As I have observed before now, Pope Francis is an old-fashioned centrist (but leftward looking) Christian Democrat, and he shows that tradition, though defunct in many countries, still has life in it. Moreover, this is a strong indication to all Americans that the Catholic Church, once strongly aligned to the Democrats, now seemingly singing from a Republican hymn sheet, in fact is a transversal grouping. It belongs exclusively to neither the Right or the Left, but is in dialogue with both, and has a teaching that ought not be pigeonholed, but which can appeal to all. In other words, in the increasingly acerbic culture wars of contemporary America, the Catholic Church cannot and will not be appropriated by one side alone, but rather stands for dialogue with both side, hoping to promote an enriched conversation. The Pope’s speech makes some criticism of the Church as reactionary look rather silly. (Here is an example.) 
All Catholics should be grateful to the way a Papal correction has been applied to the perceived rightward drift of the Church. We must not allow ourselves to be seen as Republicans (or Conservatives in Britain), because one day the Conservatives and Republicans will be history, whereas the Church is here for the long duration. A perceived alliance with one political ideology will do the Church untold harm when that ideology dies. The Pope showed, however, that Catholicism cannot be reduced to a partisan position. His words will, one hopes, help the beleaguered pro-life Democrats.
In his spotlighting four figures of American history – Abraham Lincoln, Martin Luther King, Dorothy Day and Thomas Merton – the Pope, in creating this rather unusual line up, was doing something very clever. He was showing a sort of natural progression between the four, and thus taking the sting out of the all too common idea that Catholicism is foreign to the American spirit, given that the American founding fathers were so overwhelmingly Protestant. 
By talking about President Lincoln and Dr King, the Pope was almost retroactively appropriating them for the Church; certainly he was showing that there was nothing unCatholic about them: far from it, their aspirations coincided with the aspirations of the Church for a more just and better society.

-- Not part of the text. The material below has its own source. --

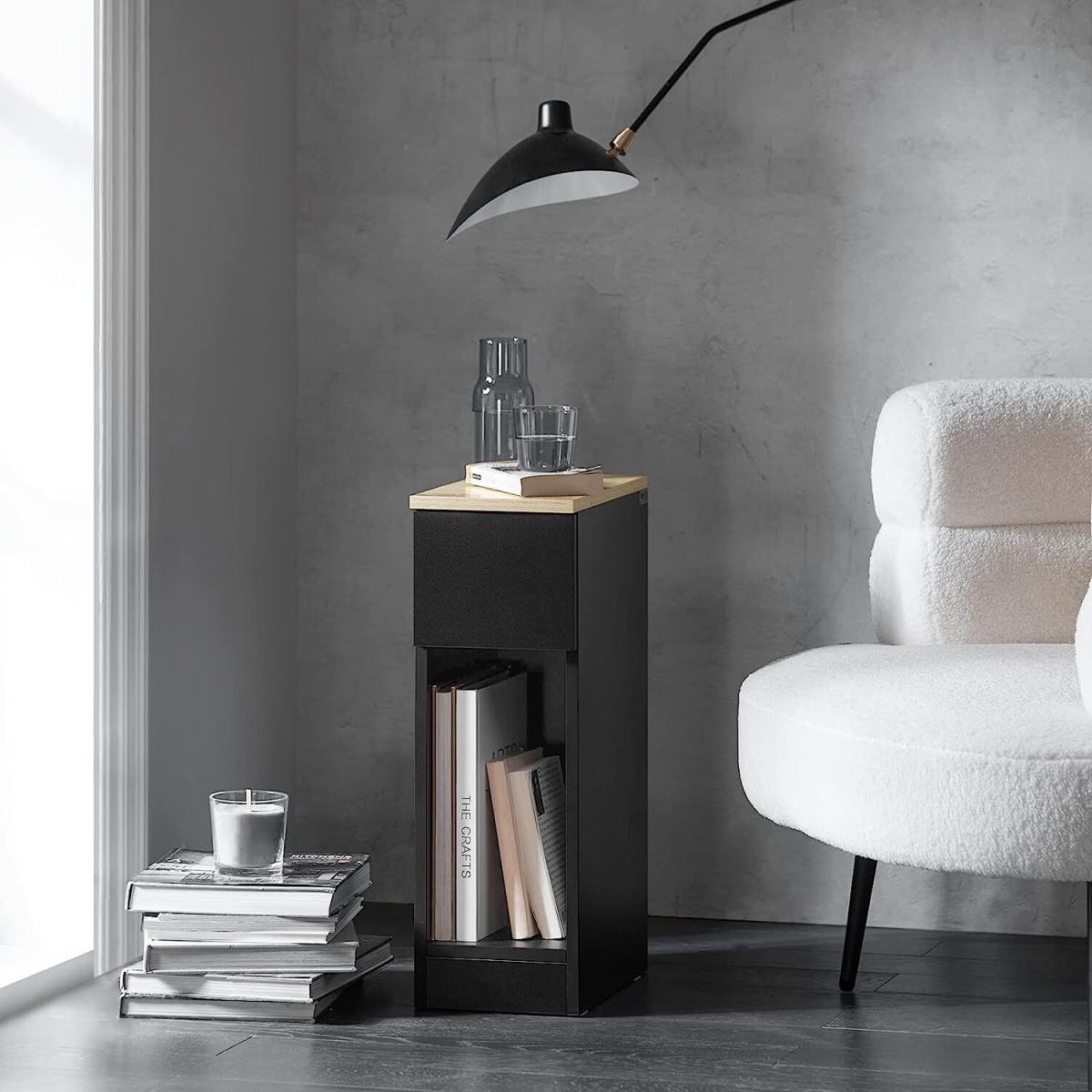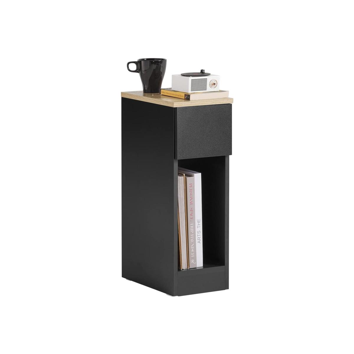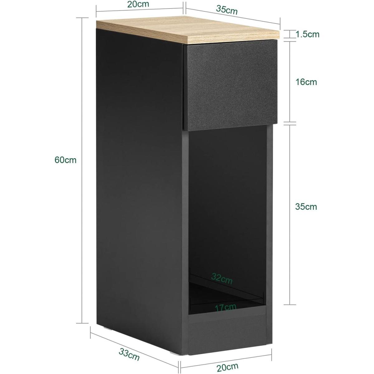 This side table nightstand creates a distinctive and modern atmosphere for your home. It is great to be used as a sofa side table or bedside table for you to get accessible to what you need. It offers ample storage space for books, magazines, remote controls, glasses and other small items, keeping your room tidy and organized. A slide-out drawer provides ample storage space for your personal items. The storage compartment beneath the drawer and the top shelf offer additional storage and display space for you. Practical and space-saving, it is a good addition to any room. 20cm in width, it is also ideal for any corner and gap. Elegant and simple design, it matches any home decor perfectly. Material Particle board, MDF.Dimensions W20 x D35 x H60cm. Weight 7.3kg. Load capacity 20kg. Item comes in a flat pack and requires self-assembly. Detailed instructions are supplied. The decorative elements are not included in the delivery.

The social activism of Dorothy Day was placed in the tradition of Lincoln and King; and so interestingly, was the commitment to dialogue and contemplation of the mystic Thomas Merton. That Merton was identified first and foremost as a man of prayer (and I imagine that most members of Congress had up till now never heard of him) was a useful corrective, if any were needed, to the idea that social activism can be divorced from religious practice, and prayer above all. America could do with rediscovering the need for prayer (we all could) and the prayer of contemplation especially. If the Pope sends the members of Congress and others too scurrying for copies of Merton’s books, that would be wonderful.